Нетаньяху. Отчет о второстепенном и в конечном счете неважном событии из жизни очень известной семьи - Джошуа Коэн
Шрифт:
Интервал:
Не поймите меня неправильно: я горжусь своими успехами — а может, меня приучили говорить и даже думать, будто я горжусь ими, главным образом потому, что каждое новое отверстие на беспрестанно удлиняющемся ремне моих достижений отдаляет меня от моего происхождения — от того Рувима Юдля Блума, что родился в 1922 году в центральном Бронксе в семье евреев-эмигрантов из Киева, вырастивших из меня представителя среднего класса. Они заботились о том, чтобы я получил хорошее образование: отдавали меня в хорошие школы, а когда я обнаружил склонность к умственному труду, беззастенчиво бранили меня на идише.
На следующий день после нападения японцев на Пёрл-Харбор я женился на своей школьной возлюбленной и ушел служить в армию США; меня сделали счетоводом, поскольку я (по настоянию родителей) успел кончить половину курса бухучета, на удивление быстро печатал на машинке (76 слов в минуту) и отличался скверной осанкой (небольшой сколиоз, всего-то 12 градусов[7]). Войну я прошел, не покидая пределов страны, почти весь срок службы писал изящные утонченные рассужденьица об исключительной вычурности Элиота («…Но обгрызли // Свечу веков. Вот вид с моста Риальто…»[8]) и Паунда («Узура погубит младенца в утробе // Разлучит влюбленных до срока»[9]), посылал их в драгоценные изящные поэтические журнальчики и получал отказы; оформлял зарплатные чеки и возмещал расходы на командировки из Форт-Беннинга в Форт-Силл.
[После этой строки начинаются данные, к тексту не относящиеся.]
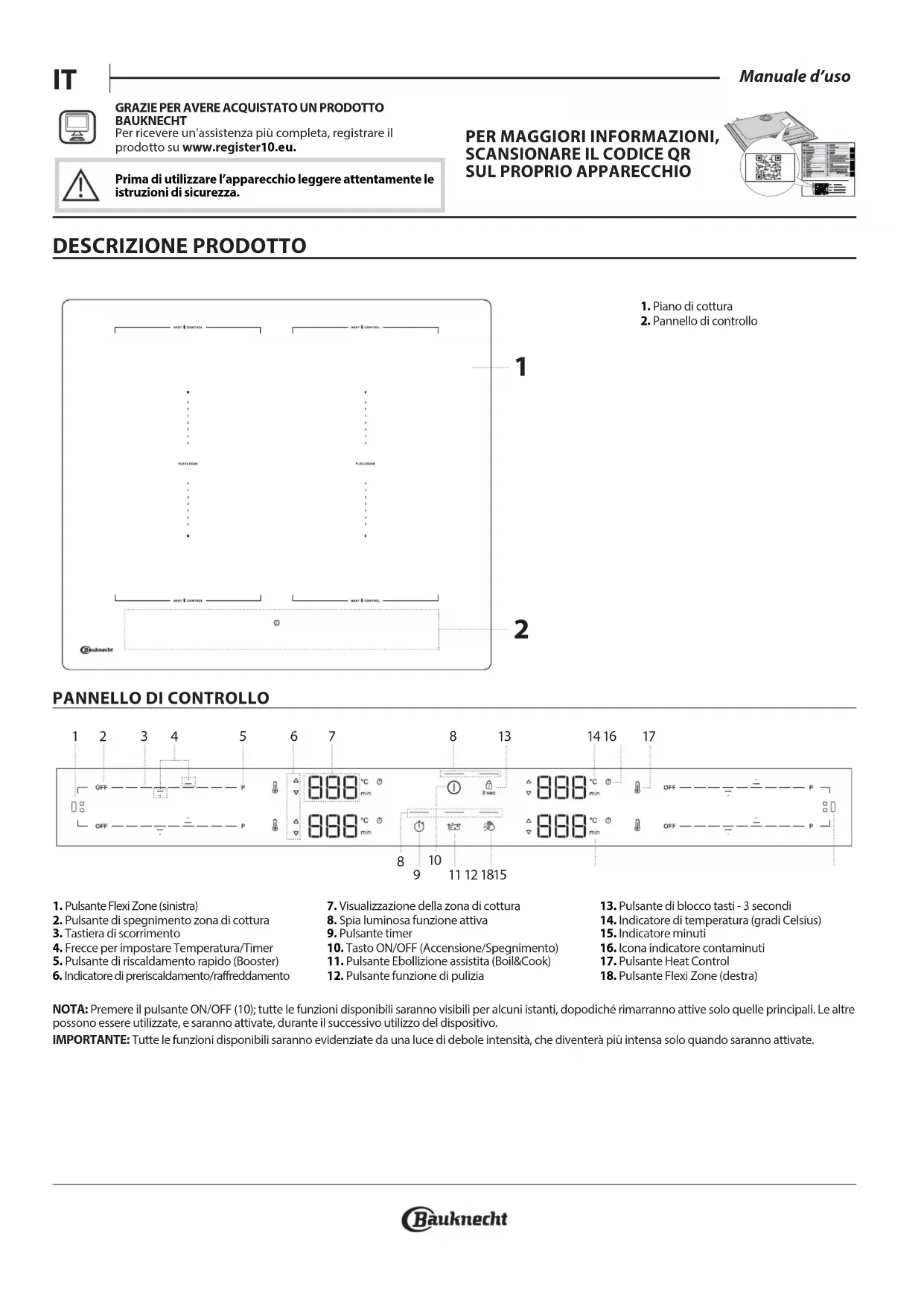 1. Pulsante Flexi Zone (sinistra) 2. Pulsante di spegnimento zona di cottura3. Tastiera di scorrimento4. Frecce per impostare Temperatura/Timer5. Pulsante di riscaldamento rapido (Booster)6. Indicatore di preriscaldamento/raffreddamento7. Visualizzazione della zona di cottura8. Spia luminosa funzione attiva9. Pulsante timer10. Tasto ON/OFF (Accensione/Spegnimento)11. Pulsante Ebollizione assistita (Boil&Cook)12. Pulsante funzione di pulizia13. Pulsante di blocco tasti - 3 secondi14. Indicatore di temperatura (gradi Celsius)15. Indicatore minuti 16. Icona indicatore contaminuti17. Pulsante Heat Control18. Pulsante Flexi Zone (destra)GRAZIE PER AVERE ACQUISTATO UN PRODOTTO BAUKNECHTPer ricevere un’assistenza più completa, registrare il prodotto su www.register10.eu. PER MAGGIORI INFORMAZIONI,

После войны я подал документы в Городской колледж: там моя зарождающаяся склонность к гуманитарным наукам и, в частности, к литературе под влиянием различных сил (родительских ли, практических) выпрямилась в струнку — точнее, выстроилась в столбик, дабы более соответствовать карьере в финансах. В итоге пришли к компромиссу: мое увлечение литературой превратилось в историю, увлечение прочих бухгалтерским делом превратилось в экономику, а Америка осталась Америкой. Я защитил диссертацию в Городском колледже и, помыкавшись в шеоле[10] внештатного преподавательства, стал первым евреем Корбин-колледжа (в те дни Университет Корбин еще назывался колледжем), причем я имею в виду не «первым штатным преподавателем исторического факультета Корбин-колледжа», я имею в виду первым евреем в колледже как таковом — и среди преподавательского, и, насколько мне известно, среди студенческого состава.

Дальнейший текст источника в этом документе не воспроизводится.